*The problem:* Beginning at the line that contains "WAXED: Rev Jim" and finishing at the line that contains "3年生女子は、体育館で跳び箱", output the data below exactly. Include both end lines and no pictures.

**** Records for this task

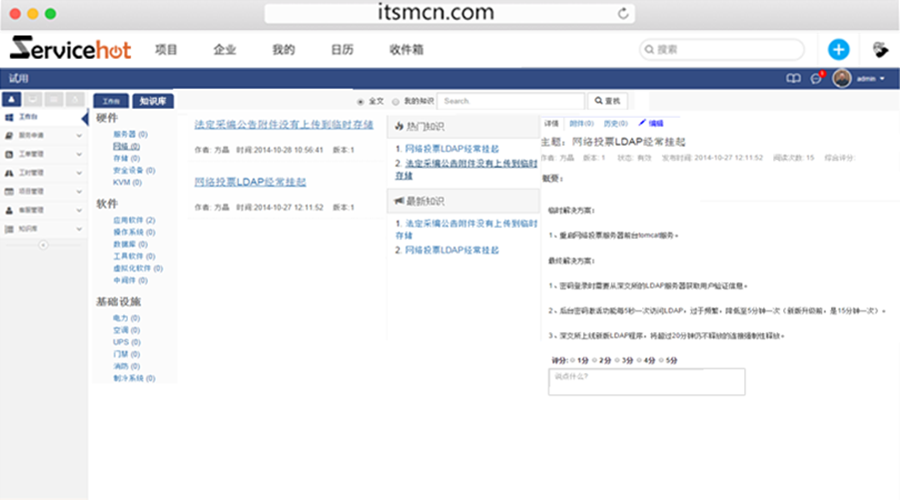 ServiceHot知識庫是一個解決方案的匯總,針對各種IT應用和設備故障現象,知識庫提供了系列行之有效的解決方案。知識庫引入了國際通用的WIKI平臺,除了知識庫管理者可以維護知識庫記錄外,任何使用者都可以添加個人的評論,各種評論都可以作為版本的一部分保留于知識庫中,通過使用者的評價和完善,后續使用者可以獲得更加完美的解決方案。
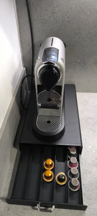 Cafetera de cápsulas Nespresso Krups Citiz en color plata. Incluye un cajón organizador para cápsulas. - Diseño moderno y compacto, ocupa muy poco espacio. - Cajón con capacidad para varias cápsulas. - Liquido descalificador y de limpieza de 750ml. SE HA USADO MUY POCO, FUNCINA CORRECTAMENTE, CAMBIO POR REGALO DE UNA SUPERAUTOMATICA
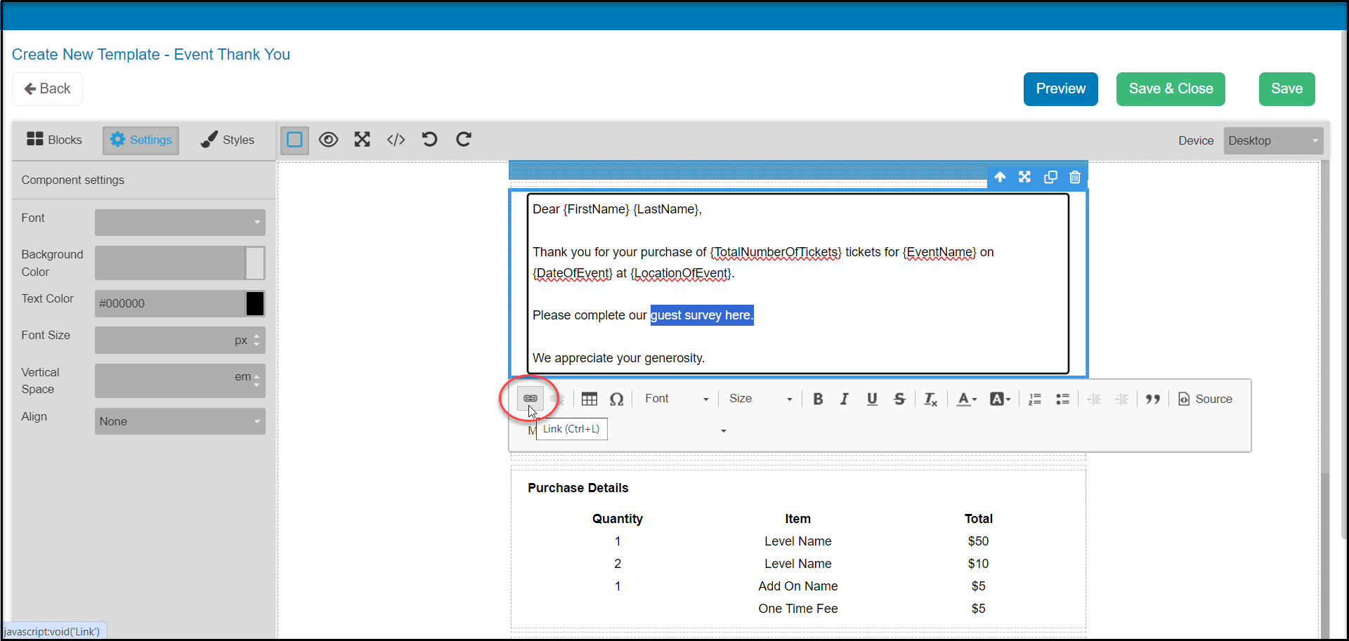 Open your thank you message in the email template editor. You can add the link as a hyperlink in text or as a button. For a hyperlink in text, double click on the text box to edit. Highlight the text to insert the hyperlink and click on the hyperlink icon.
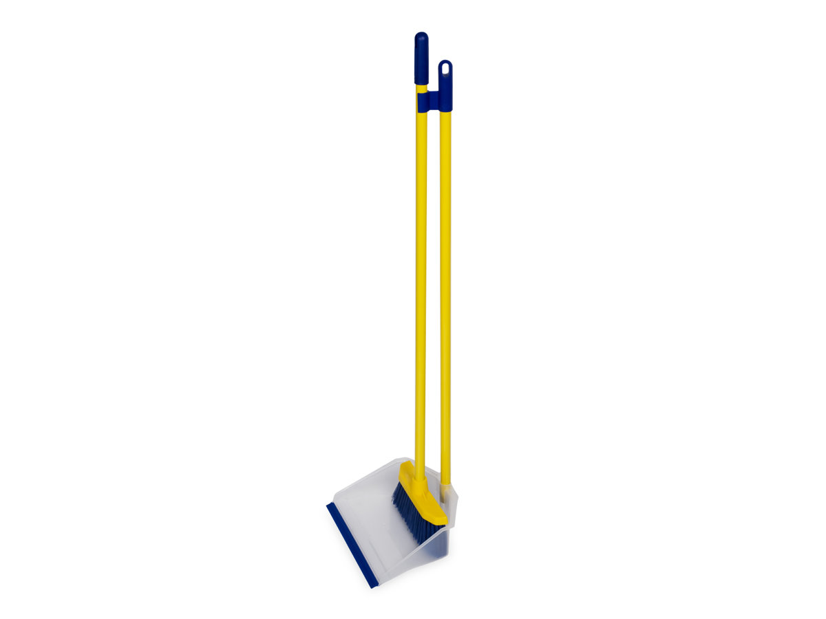 Set pulizia con scopa e paletta con lato zigrinato per rimuovere lo sporco
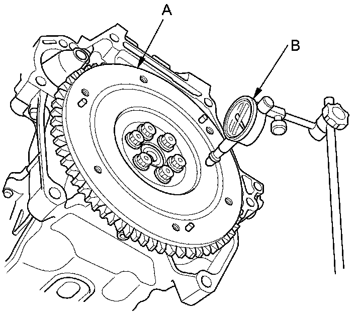 15. Measure the flywheel (A) runout using a dial indicator (B). Through at least two full turns with pushing against the flywheel each time you turn it to take up the crankshaft thrust washer clearance. If the measurement is not within the standard, replace the flywheel, and recheck the runout. Go to step 16.
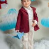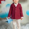 Costum botez cu sacou slim-fit din catifea – 5 piese
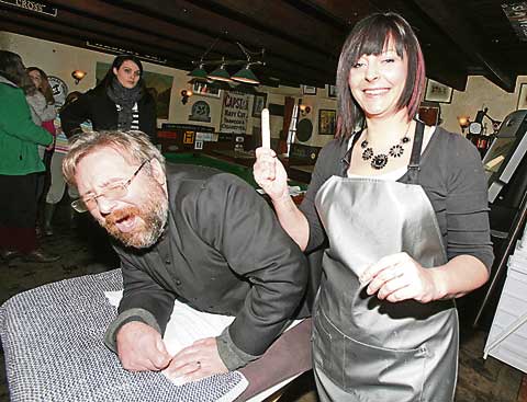 WAXED: Rev Jim Benton-Evans is pictured above with Naomi Luke of Style Counts, Camelford.
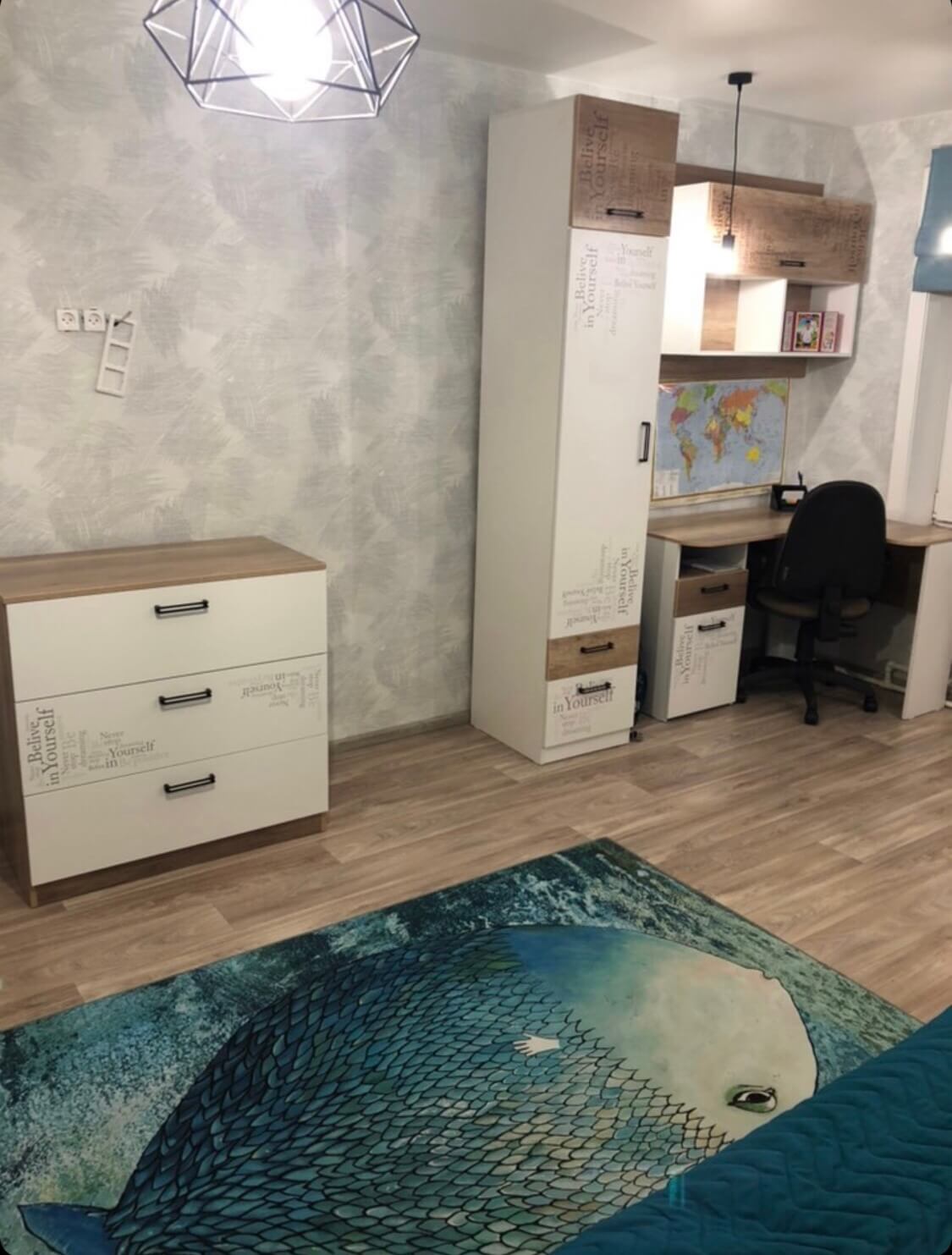 Мебель выполнена из сертифицированного, качественного, экологически чистого ЛДСП класса Е0,5 в сочетании цветов "дуб каньон + белый" и оформлена дизайнерским принтом.
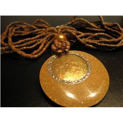 (1) COSTUME JEWELRY ARTISAN STYLED BEADED DYED SHELL PENDANT
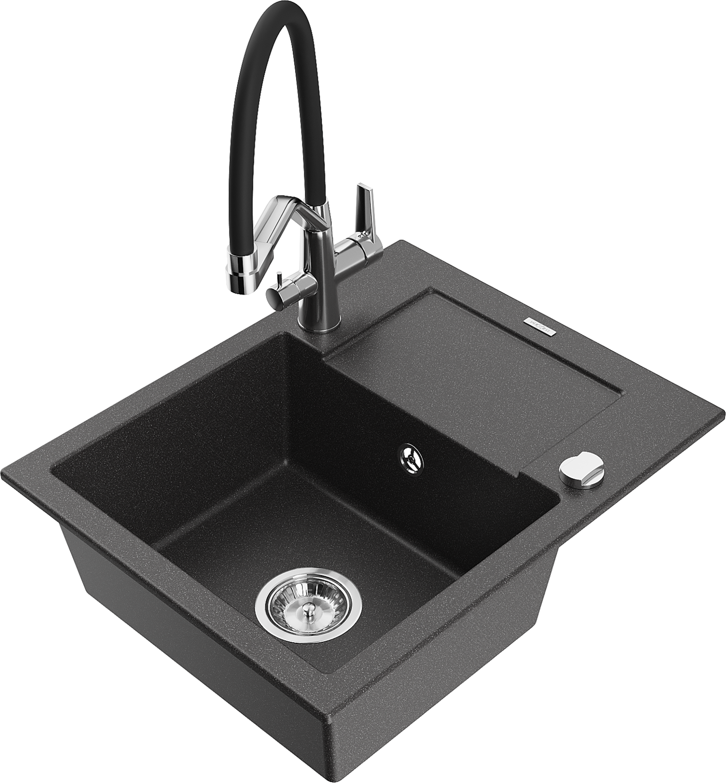 Mexen Enzo lavello da cucina in granito a 1 vasca con gocciolatoio e rubinetto Duo, nero maculato - 6506-76-671701-07
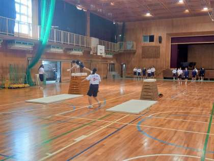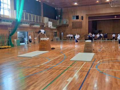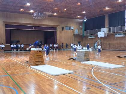 3年生女子は、体育館で跳び箱の授業をしています。次々と高い段の跳び箱を跳んでいきます。
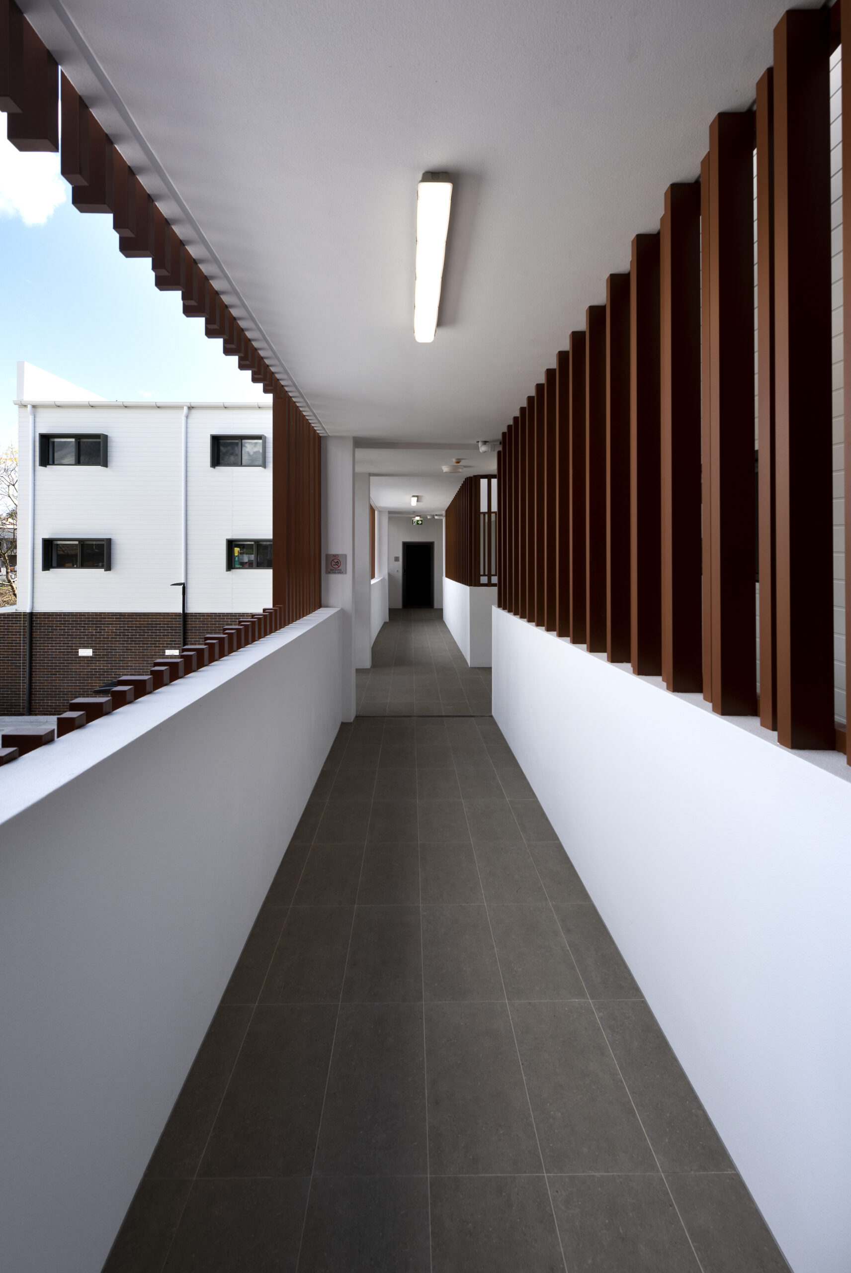 The three-storey building includes seven two-bedroom and eleven one-bedroom units, creating secure homes for more than 20 residents in need. The design prioritises livability and long-term sustainability through durable, low-maintenance materials such as face brick and lightweight cladding. Screened balconies provide privacy and passive surveillance, while landscaped areas, including new street trees, contribute to the neighbourhood character.
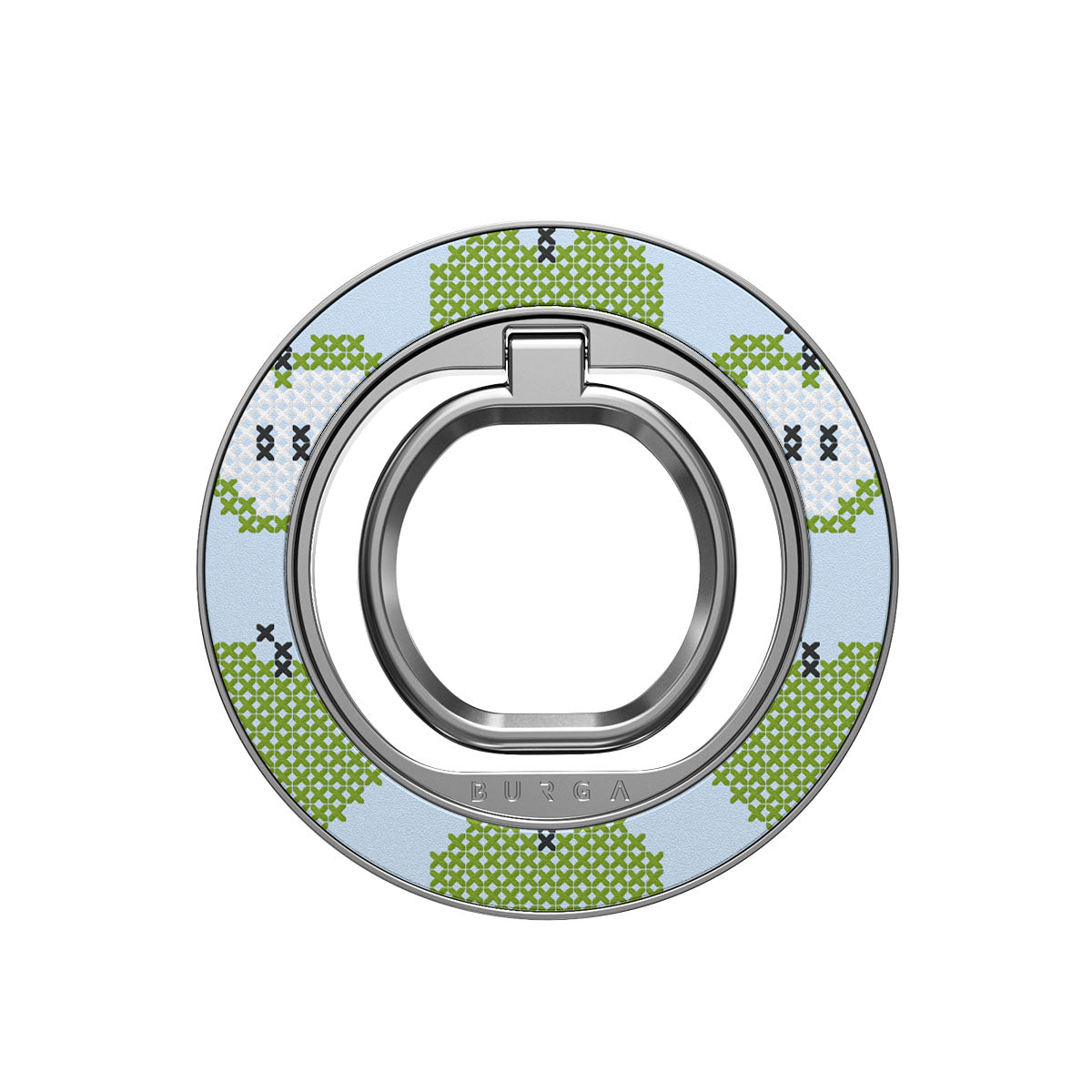Nuestro anillo magnético se acopla al móvil con un clic muy agradable y sin necesidad de adhesivos. Úsalo para hacer scrolling con una sola mano, como soporte para ver contenido o, sencillamente, para presumir de funda BURGA a conjunto.
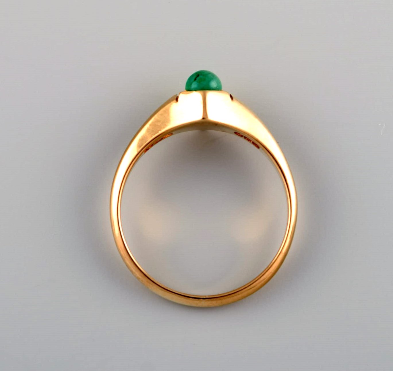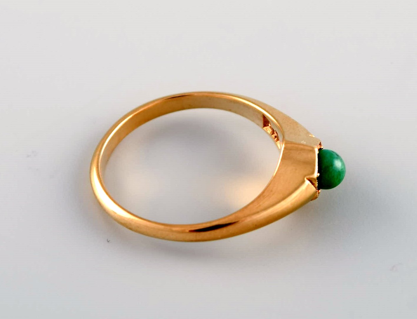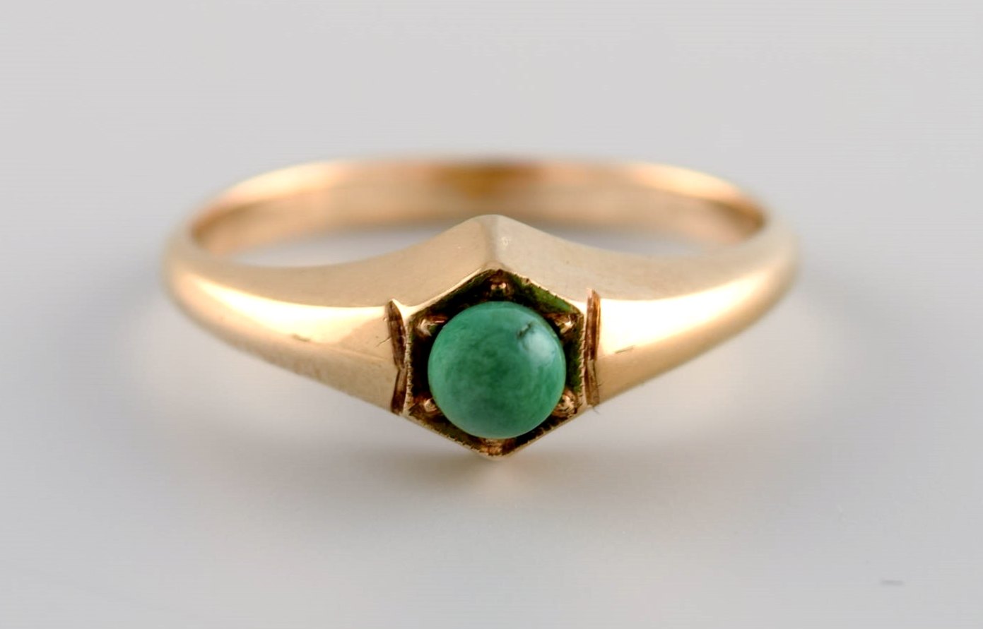 Bræmer-Jensen, Denmark (1957 - 1991). Vintage art deco ring in 14 carat gold adorned with green malachite. 1950s / 60's.

********

*Answer section:*
 WAXED: Rev Jim Benton-Evans is pictured above with Naomi Luke of Style Counts, Camelford.
 Мебель выполнена из сертифицированного, качественного, экологически чистого ЛДСП класса Е0,5 в сочетании цветов "дуб каньон + белый" и оформлена дизайнерским принтом.
 (1) COSTUME JEWELRY ARTISAN STYLED BEADED DYED SHELL PENDANT
 Mexen Enzo lavello da cucina in granito a 1 vasca con gocciolatoio e rubinetto Duo, nero maculato - 6506-76-671701-07
 3年生女子は、体育館で跳び箱の授業をしています。次々と高い段の跳び箱を跳んでいきます。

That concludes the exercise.